**Provided data**
BEGIN
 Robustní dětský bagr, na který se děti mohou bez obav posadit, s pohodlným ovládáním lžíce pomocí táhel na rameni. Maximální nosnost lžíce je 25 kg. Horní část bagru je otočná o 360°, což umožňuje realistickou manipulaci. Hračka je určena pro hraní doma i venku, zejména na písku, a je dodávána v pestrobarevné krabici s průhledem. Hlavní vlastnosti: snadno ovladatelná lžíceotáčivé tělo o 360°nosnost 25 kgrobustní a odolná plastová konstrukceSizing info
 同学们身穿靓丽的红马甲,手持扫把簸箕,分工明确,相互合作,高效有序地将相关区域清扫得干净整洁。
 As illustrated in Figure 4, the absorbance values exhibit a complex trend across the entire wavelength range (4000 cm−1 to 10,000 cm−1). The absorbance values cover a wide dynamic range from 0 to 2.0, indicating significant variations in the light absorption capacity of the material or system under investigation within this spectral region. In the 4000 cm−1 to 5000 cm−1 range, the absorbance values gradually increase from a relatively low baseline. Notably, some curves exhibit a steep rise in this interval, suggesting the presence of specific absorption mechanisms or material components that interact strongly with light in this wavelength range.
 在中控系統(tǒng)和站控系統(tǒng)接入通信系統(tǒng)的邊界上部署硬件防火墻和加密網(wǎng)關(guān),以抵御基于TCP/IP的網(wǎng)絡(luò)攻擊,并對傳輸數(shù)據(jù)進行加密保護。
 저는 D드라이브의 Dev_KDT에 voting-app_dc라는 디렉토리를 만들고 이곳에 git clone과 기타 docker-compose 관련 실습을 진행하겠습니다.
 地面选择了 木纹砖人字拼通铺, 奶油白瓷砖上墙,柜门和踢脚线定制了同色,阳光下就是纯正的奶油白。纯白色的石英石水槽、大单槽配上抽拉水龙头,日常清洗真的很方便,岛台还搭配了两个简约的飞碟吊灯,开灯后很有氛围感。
END
BEGIN
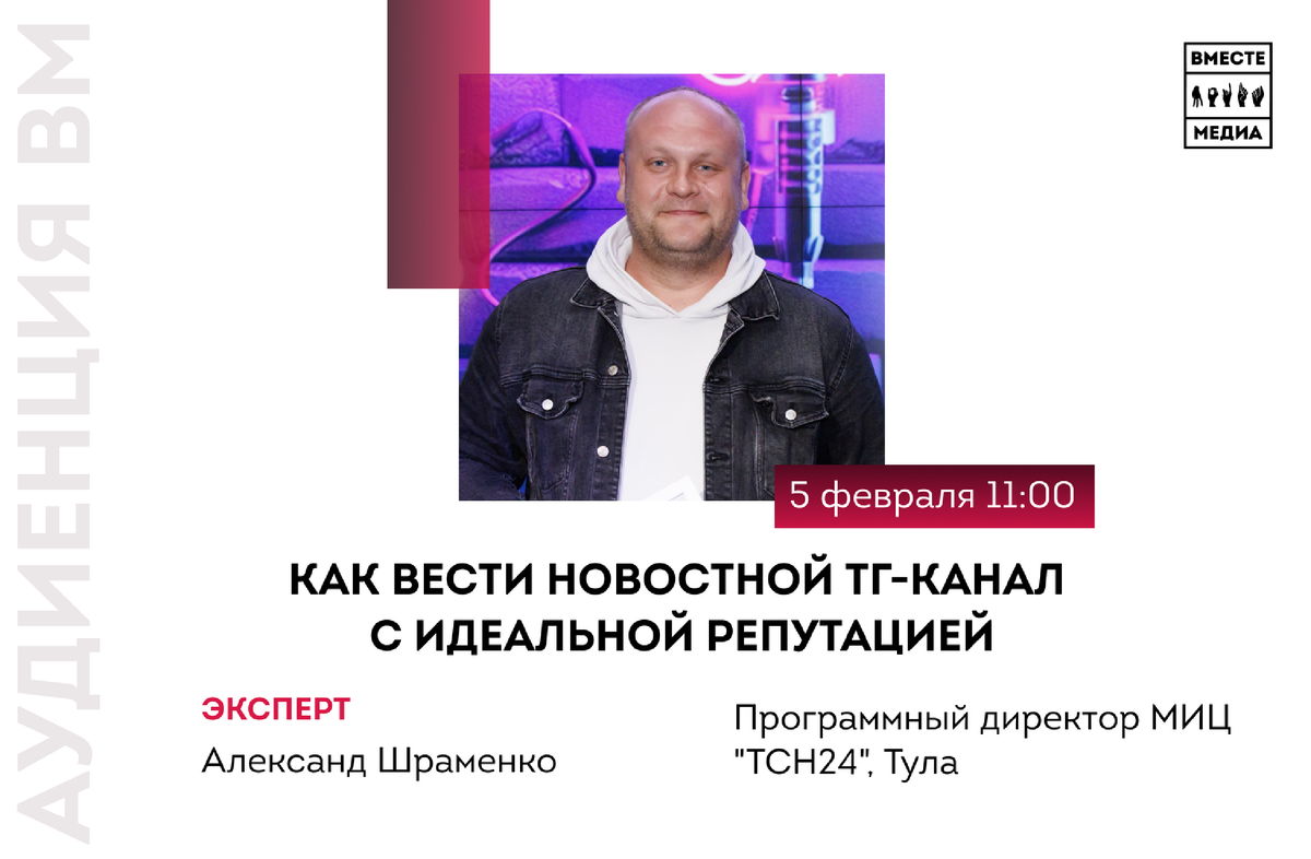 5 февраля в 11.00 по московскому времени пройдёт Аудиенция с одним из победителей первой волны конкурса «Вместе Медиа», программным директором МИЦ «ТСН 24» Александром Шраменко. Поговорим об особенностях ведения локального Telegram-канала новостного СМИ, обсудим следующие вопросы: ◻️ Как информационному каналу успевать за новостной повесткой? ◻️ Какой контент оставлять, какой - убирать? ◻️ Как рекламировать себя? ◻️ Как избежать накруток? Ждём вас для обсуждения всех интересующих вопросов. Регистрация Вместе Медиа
END
**Work order**
Above are the records; copy exactly the lines from the line with "Robustní dětský bagr, na" through the line with "同学们身穿靓丽的红马甲,手持", both included.

**Answer section**
 Robustní dětský bagr, na který se děti mohou bez obav posadit, s pohodlným ovládáním lžíce pomocí táhel na rameni. Maximální nosnost lžíce je 25 kg. Horní část bagru je otočná o 360°, což umožňuje realistickou manipulaci. Hračka je určena pro hraní doma i venku, zejména na písku, a je dodávána v pestrobarevné krabici s průhledem. Hlavní vlastnosti: snadno ovladatelná lžíceotáčivé tělo o 360°nosnost 25 kgrobustní a odolná plastová konstrukceSizing info
 同学们身穿靓丽的红马甲,手持扫把簸箕,分工明确,相互合作,高效有序地将相关区域清扫得干净整洁。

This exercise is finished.